[LLVMdev] Predicated Vector Operations

Wed May 8 19:38:00 PDT 2013

On Wed, May 8, 2013 at 11:07 AM,  <dag at cray.com> wrote:
>> The issue becomes how to match the instruction form above in a
>> TableGen pattern. In order for this to emit a masked instruction,
>> %newvalue and %oldvalue must be assigned to same physical register (I'm
>> assuming an instruction like 'add %r0{%m0} %r1 %r2') However, I don't
>> think there is even a notion of physical registers at the point that
>> instruction selection is performed and the virtual registers will be
>> different because everything is still in SSA form.
>
> Potentially you could use the "$src = $dst" constraint as in the
> two-address x86 forms.  I don't know that TableGen has been generalized
> enough to do this, though.  I think it's pretty highly specialized to
> specific x86 two-address forms at the moment.
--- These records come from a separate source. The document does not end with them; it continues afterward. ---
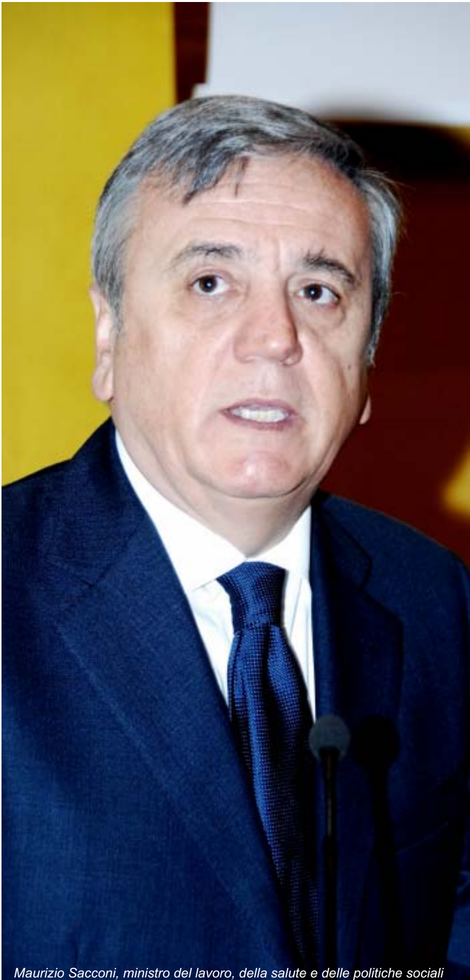
Maurizio Sacconi, ministro del lavoro, della salute e delle politiche sociali

e proficui rapporti con Crescimbeni, nei confronti del quale ha espresso profonda stima e vivo compiacimento per l'azione sin qui svolta e per quanto si andrà a realizzare al fine di migliorare l'andamento e la gestione della spesa previdenziale nel campo del pubblico impiego.
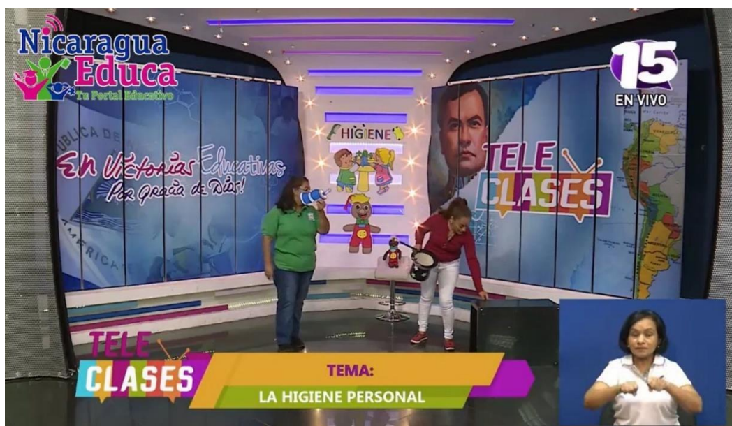
Foto.5 Teleclases, transmitido 03 julio 2020 en Canal 6

De igual manera, se hace uso del lenguaje por señas con el interés que la Teleclase sea inclusiva, puesto que puede existir infantes o acompañantes con alguna discapacidad auditiva, entonces de esta manera el mensaje es transmitido correctamente también hacia ellos. En la siguiente imagen se puede observar en la parte inferior derecha, la imagen de la persona encargada de traducir la comunicación a lengua de señas.
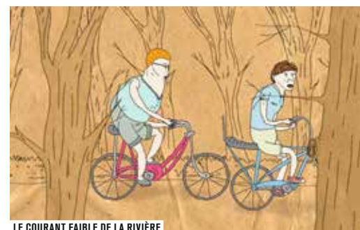
LE COURANT FAIBLE DE LA RIVIÈRE

Le format du court métrage est sans doute le plus adapté pour exprimer la diversité des techniques, des sensibilités et l'innovation constante du laboratoire permanent qu'est le cinéma d'animation. Six programmes éclectiques en font de nouveau la preuve cette année : tout nouveaux courts métrages français d'auteurs, sélection thématique de films politiques, cartes blanches au festival Siggraph et à l'Abbaye de Fontevraud, sélection internationale spéciale Musique et Son... Un sacré festin!
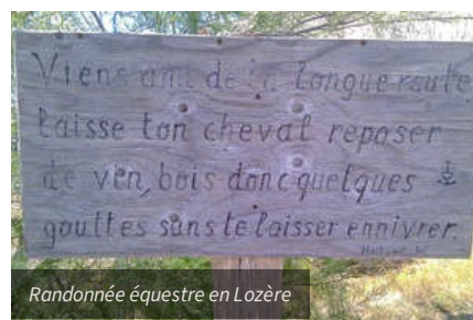
Randonnée équestre en Lozère
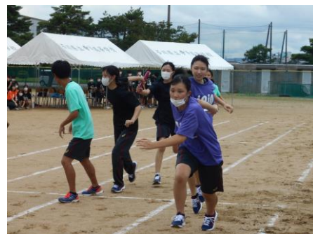
クラス対抗リレー(2日目：体育祭)
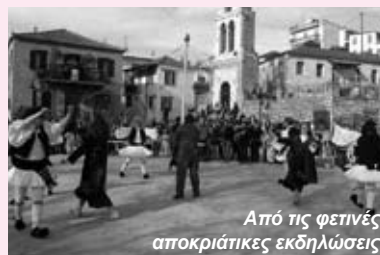
Από τις φεινές αποκριάτικες εκδηλώσεις

Το γαϊτανάκι του Συλλόγου αναβίωσε το παλιό έθιμο στις κάτω γειτονίες του χωριού. Το βραδύ διοργανώθηκε μασκέ πάρτυ στο café-bar CINEMA (Α. Αγγέλη), ένα πάρτυ που κράτησε μέχρι πρωίας.
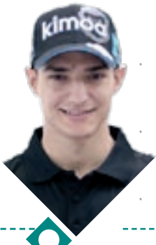
08 ÀLEX PALOU PILOT D'AUTOMOBILISME SANT ANTONI DE VILAMAJOR
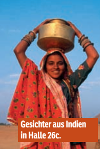
Gesichter aus Indien in Halle 26c.
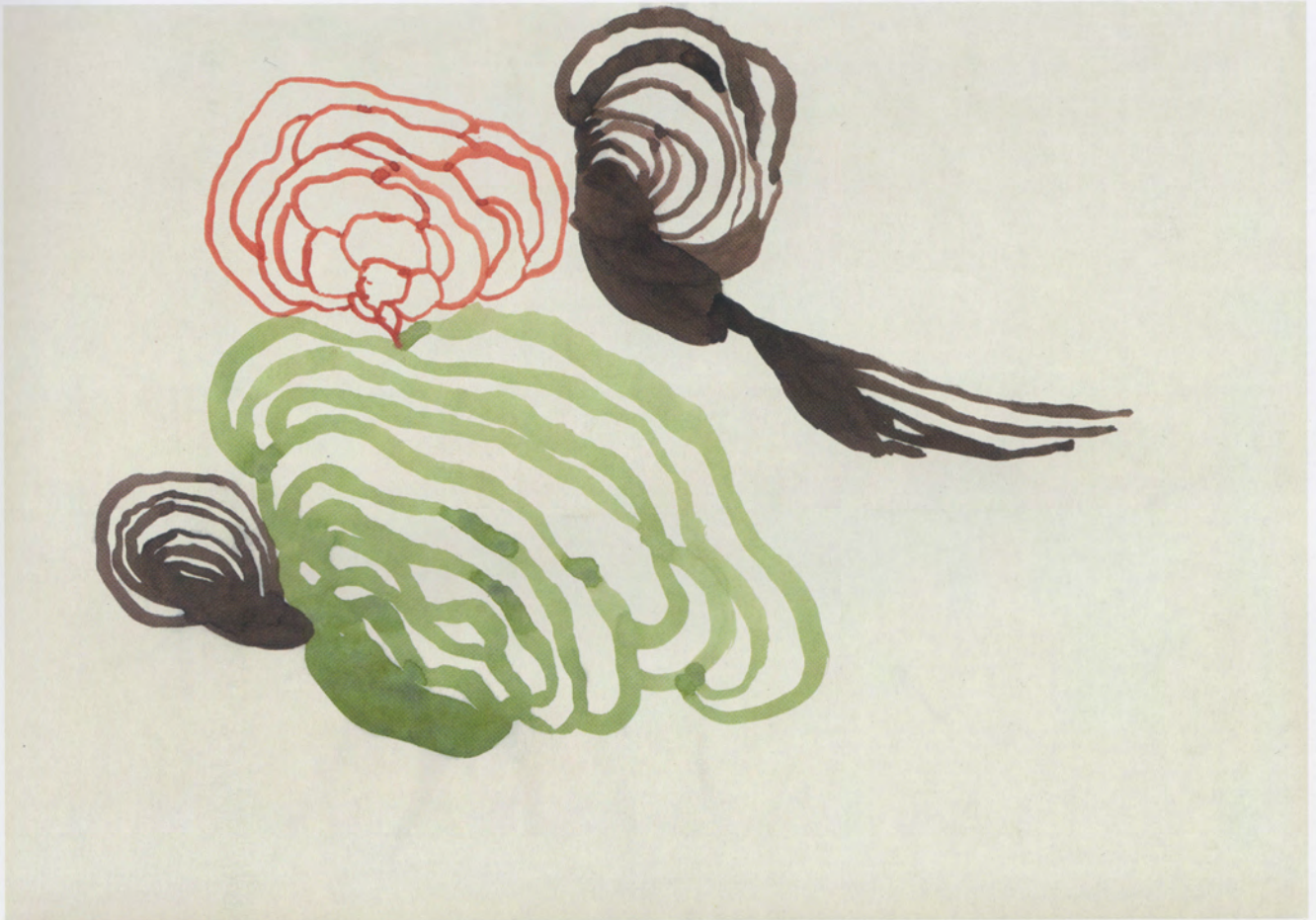
EL FIN DEL MUNDO 10, 2012, SERIE "MELANCOLÍA", ACUARELA SOBRE PAPEL, 21 X 27.5 CM
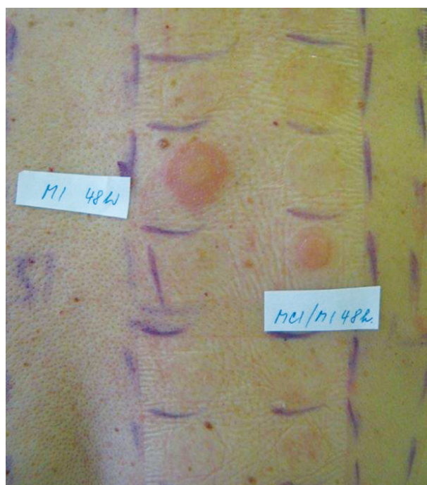
Obr. 15. Pozitivní epikutánní testy na isothiazolinony

barvy) a domácích přípravcích (přípravky na ošetřování kožených výrobků, aviváže apod.) limit není stanovený [2, 94]. Pryžové rukavice nechrání před penetrací MI [19]. Z malířských barev se uvolňuje řada týdnů (déle než 6 týdnů) a může být příčinou relapsů onemocnění [1, 49, 50]. MI byl nazván alergenem 21. století, alergenem roku 2013 v USA [91, 92] a KS na MI druhou epidemií na isothiazolinony [2, 23, 27, 78]. Kromě AKD ekzémového vzhledu (obr. 14, 15) vyvolává i kontaktní dermatitidu charakteru lymfomatoidní dermatitidy, vzhledu erytéma exsudativum multiforme, vyvolává airborne typ KD a systémovou KD (inhalací výparů) u senzibilizovaných osob včetně dětí, často zaměňovanou za recidivu atopické dermatitidy nebo lékový exantém [1, 39, 64, 97].
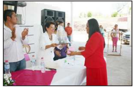
Las cuatro educadoras que cumplieron 20 años de servicio, fueron galardonadas con un reconocimiento a cada una de ellas, por parte de las autoridades municipales y educativas que presidieron la ceremonia alusiva al Día de la Educadora.
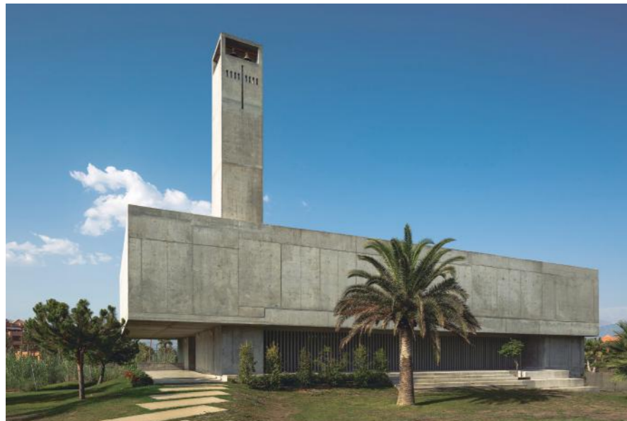
Foto: Iglesia en Playa Granada.

Desde la creación del primer refugio, la arquitectura ha tenido cientos de definiciones, ¿cómo la definiría usted actualmente? ¿Por qué es importante para el hombre?
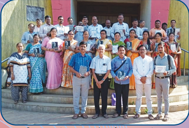
चिपळूण मधील अध्यापकांना दुर्दम्य आशावादी या डॉ. माशेलकर यांच्या चरित्राचे वाटप
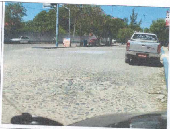
RUA MANOEL MARQUES
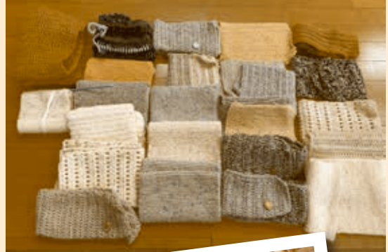
作り手の温かい気持ちがこもったネックウォーマー

※社協支部は、団体を結びつけることで、団体同士の協力や連携を行い、住みやすいまちづくりを目指して活動しています。

I'm not familiar with the two-address constraint, but it seems like
this would be challenging to express generally.  Consider the previous
example:

%tx = select %mask, %x, <0.0, 0.0, 0.0 ...>
%ty = select %mask, %y, <0.0, 0.0, 0.0 ...>
%sum = fadd %tx, %ty
%newvalue = select %mask, %sum, %oldvalue

I believe the generated instructions depend on whether %oldvalue is
still live after the last instruction. If it is, you need to generate
two instructions: a copy into a new physical register then predicated
write to it.  If it is not used, then it is just a predicated write to
the same register.

  move r1, r0
  fadd r1{m0}, r2, r3

(r0 is now %oldvalue and r1 is %newvalue)

vs.

  fadd r0{m0}, r2, r3

(r0 was %oldvalue and is now %newvalue)

> The bottom line is that it is probably easier to set this up before LLVM
> IR goes into SSA form.

That makes sense, but it's unclear to me how you would preserve that
information after going into SSA form.

> There is a lot of interest in predication and a lot of recent
> discussions about handling it in LLVM.  Personally I think that
> long-term we will need some IR changes.  It might be as simple as adding
> an IR-level predicated load and predicated store, I'm not sure.

It seems to me that these are not really LLVM issues as much as the
fact that SSA doesn't cleanly map to predicated instructions. For
example, if predicates were hypothetically added universally to the IR
(which I don't think anyone wants to do), it's not clear to me how
that would even work.  How would you specify what value the result
would be received for non-enabled lanes?  Perhaps another parameter:

  %newvalue = fadd %x, %y, %mask, %previousvalue

Yuck.